We need to clearly distinguish ‘logical probability’ from probability in some
other sense (including the sense of ‘inductive probability’). Say, we have
two unbiased dice where there is a 1/6 chance of throwing any number, A, in
any particular throw: the odds of throwing A in two consecutive throws is the
‘probability of A’ x ‘probability of A’ i.e. 1/6 x 1/6.
Unfortunately, we don't live in a world where we can "throw" purely mathematical dice. We don't live in a world where we can "talk" to other people either, or "write" to them over the Internet.
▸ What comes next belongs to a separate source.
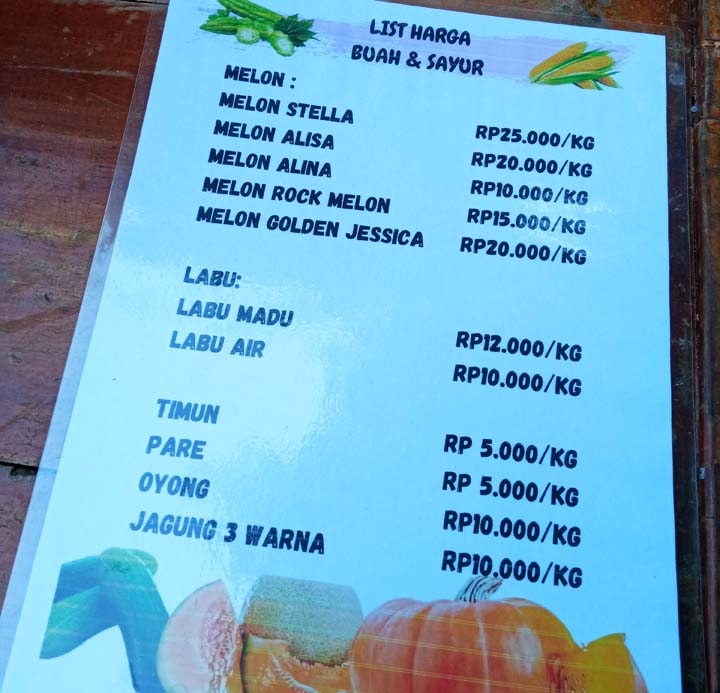 Cukup dengan membeli tiket masuk seharga Rp 10.000/orang, pengunjung sudah bisa menikmati kebun yang terhampar buah melon dan buah labu yang bergantungan diatas kepala.
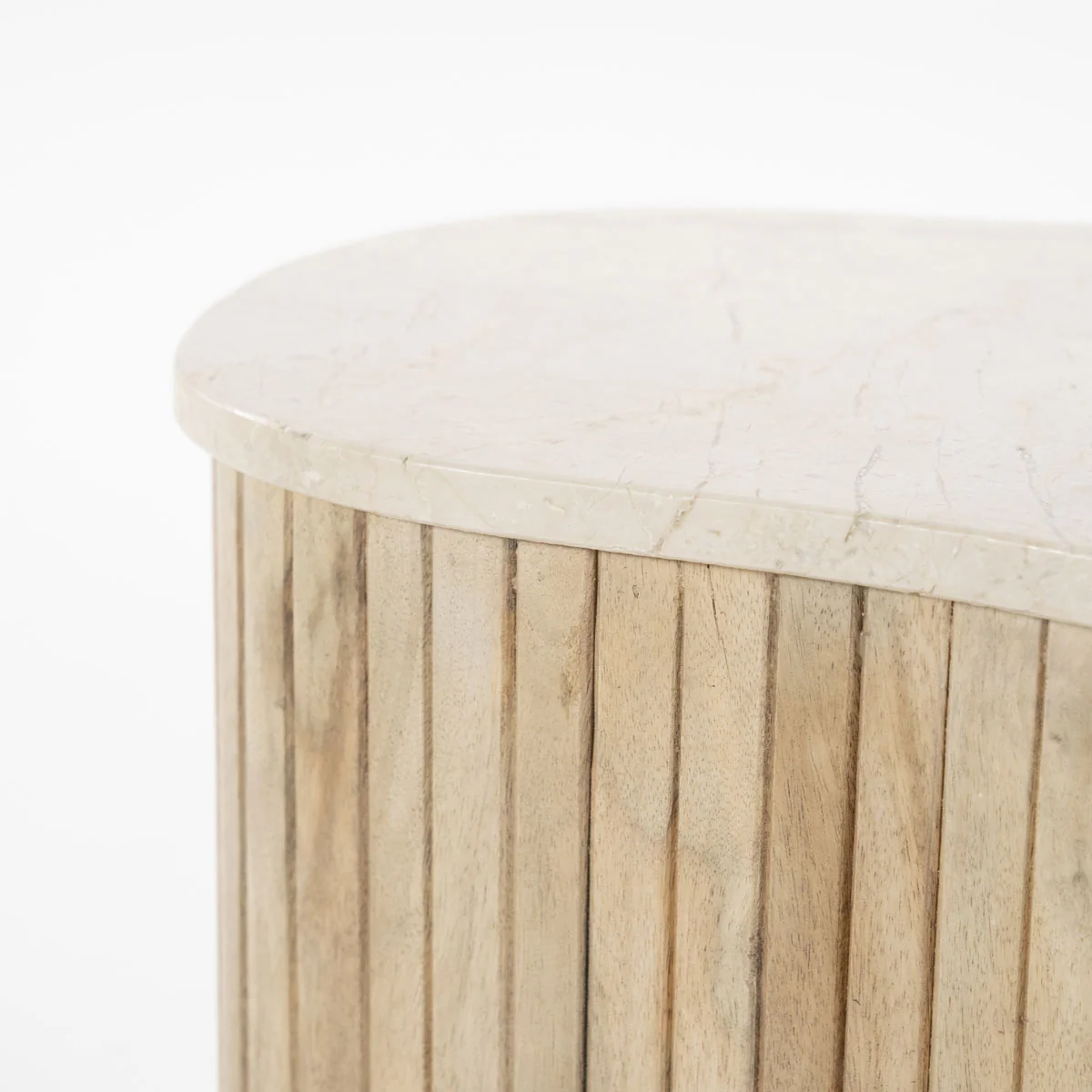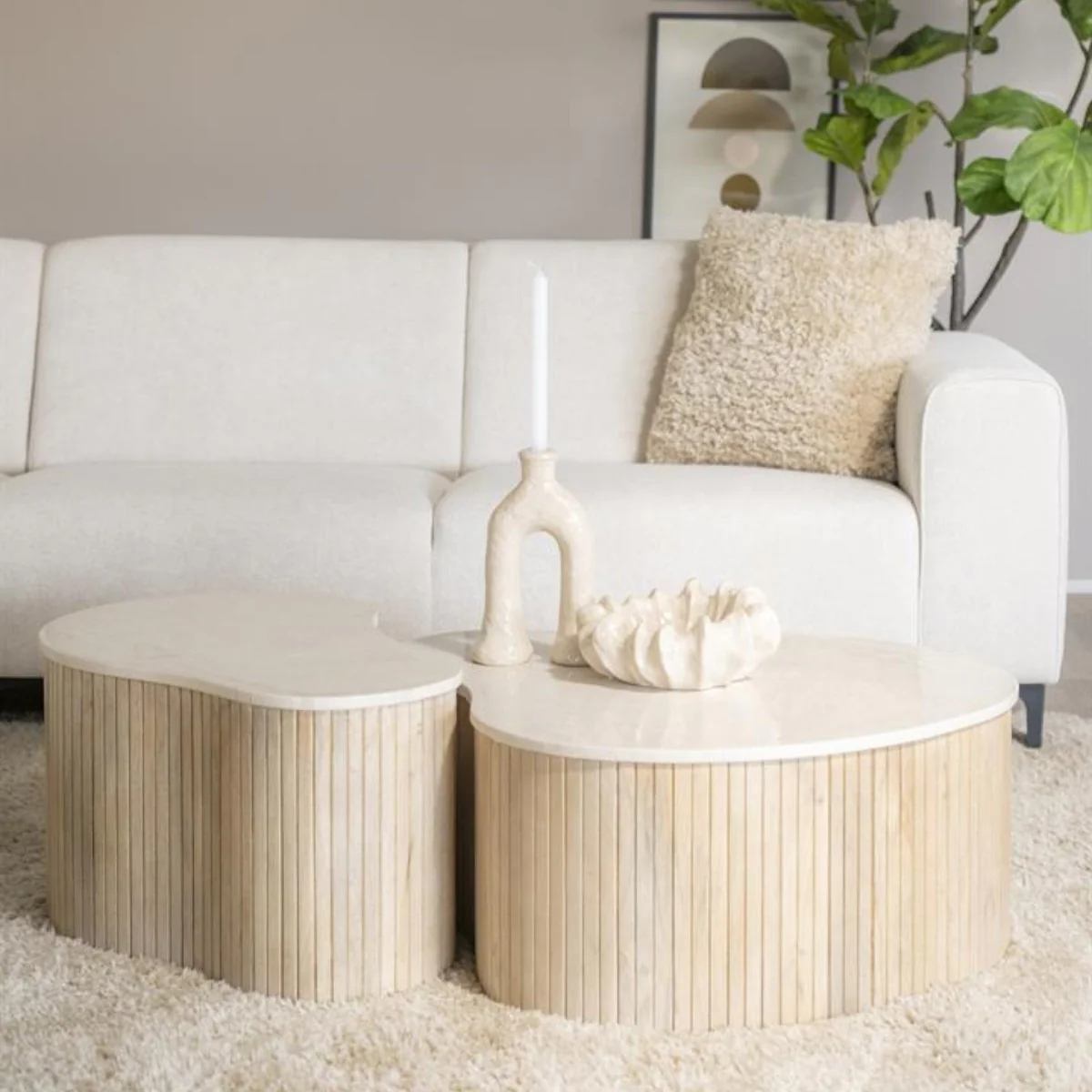 De salontafel Kira small is een compacte tafel met een marmeren blad en een onderstel van mangohout. Het witte blad gecombineerd met het naturel onderstel zorgt voor een frisse en natuurlijke uitstraling. Dankzij het slanke formaat is deze tafel ideaal als bijzettafel of als aanvulling op een grotere salontafel.

We don't live in a world where the empirical meanings of words is a given constant, either. If "probability" is essentially inductive, so is every other kind of "event" including throwing (as in dice), speaking, writing, and even thinking with words. We have as little (or as much) evidence for predicting swan boxes as we do for predicting the effects of "throwing" or "speaking" or "writing." As human actions extending into the future, they are just as subject to your critique of induction as the original swan example. If I cannot know anything about the third box, I cannot know anything about the effects of "throwing" a die to the table; it might just blossom into a swan. If I cannot know anything about the third box, I also cannot know anything about whether the other people to whom I address these words will continue to be able to read, or that the words will continue to mean the same things to them as they now do to me. Any attempt to "prove" to another person that probability is flawed, results in a reduction ad absurdam of the proof. Any argument addressed to another person is itself as much based on
inductive reasoning as any prediction of box contents.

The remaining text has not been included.